Suppose you provide “Substantial Services” to your guests – in addition to a nice place to stay. The income you make needs to be reported on a Schedule C. You’ve elevated your activity to that of a business, which significantly impacts how your short-term rental is taxed.
Schedule C Substantial Services
Here are some examples of services that would be considered “substantial”:
- Cleaning of the rental each day while the same guests occupy the property.
- Changing bed sheets and other linens each day while the same guests occupy the property.
- Concierge services.
- Conducting guest tours and outings.
- Providing meals and entertainment (like providing breakfast each morning).

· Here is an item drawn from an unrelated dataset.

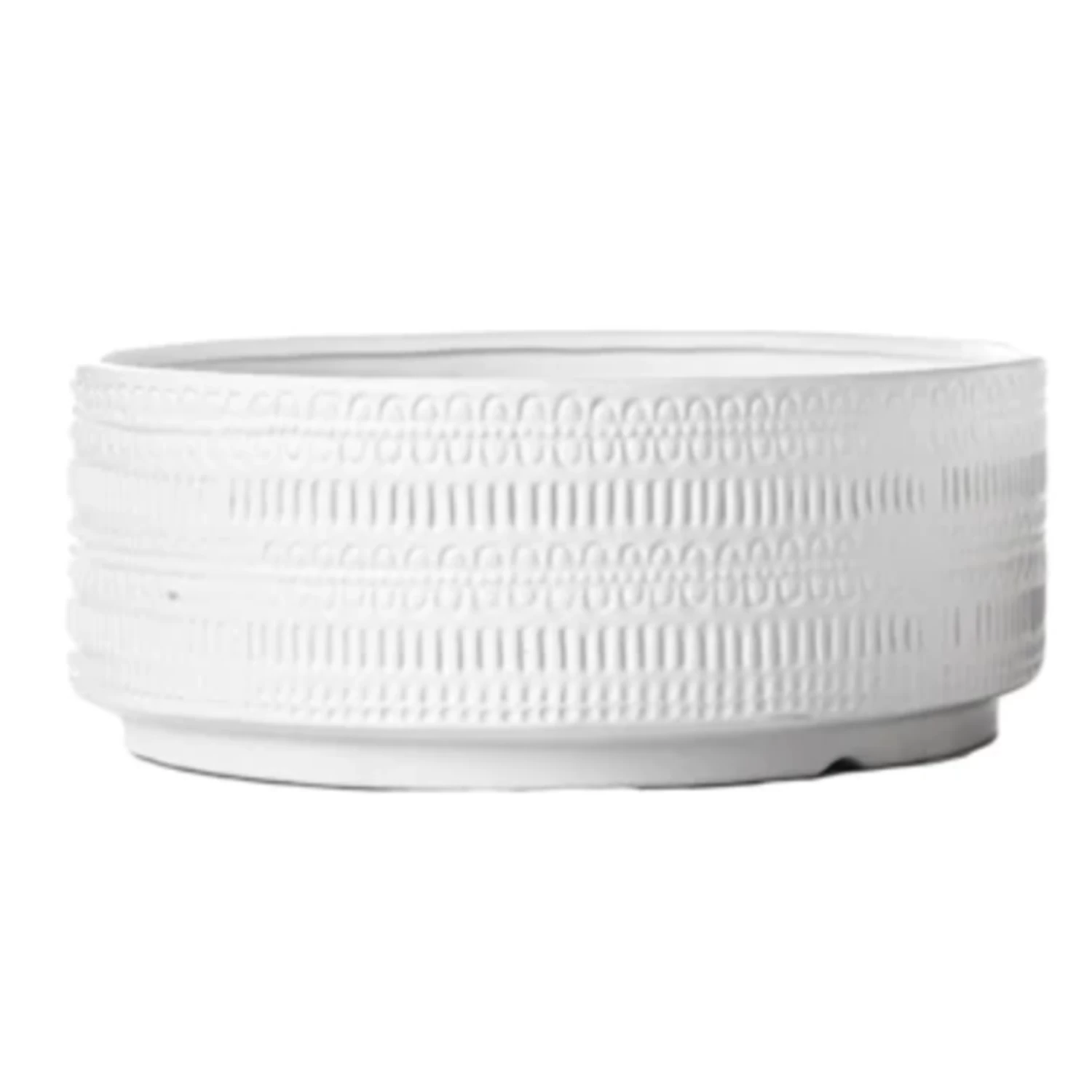 6.25”H X 13.25” MATTE WHITE LOW CERAMIC CYLINDER TRIBAL
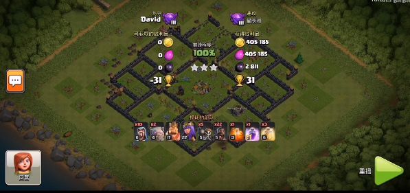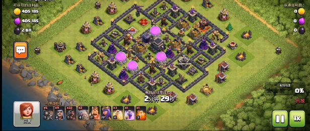 在配兵方面,我们选择22个野猪骑士、2个石头人、9个法师、5个炸弹人、法术方面携带1狂暴法术、3治疗法术、1毒药药水。我们的进攻方法是在西边用小部队也就是两个石头人和9个法师还有双王杀掉敌方对野猪威胁最大的双王。在东边部署野猪大部队,由于东边没有大炸弹的部署位置,东边野猪的进攻无疑最适合。

- Providing transportation.
- Providing other “hotel-like” services.
The Good News
Good News: If you’ve created a Schedule C business with your short-term rental and produce a tax-deductible loss, you can combine it with any other self-employment income and minimize your overall self-employment tax. IF you don’t have other self-employment income, the loss is considered an ordinary loss and deductible against any other income and essentially is an ‘above the line deduction.’
Another good news is that if you generate ‘net income’ with the operation, you will likely qualify for the 199A deduction against the income.
The Bad News
Bad News: Any schedule C substantial services profits you generate are subject to self-employment taxes like any other small business operation. However, as I have taught for years, all is not lost, and the S-Corporation can come to your rescue and significantly mitigate any SE Tax.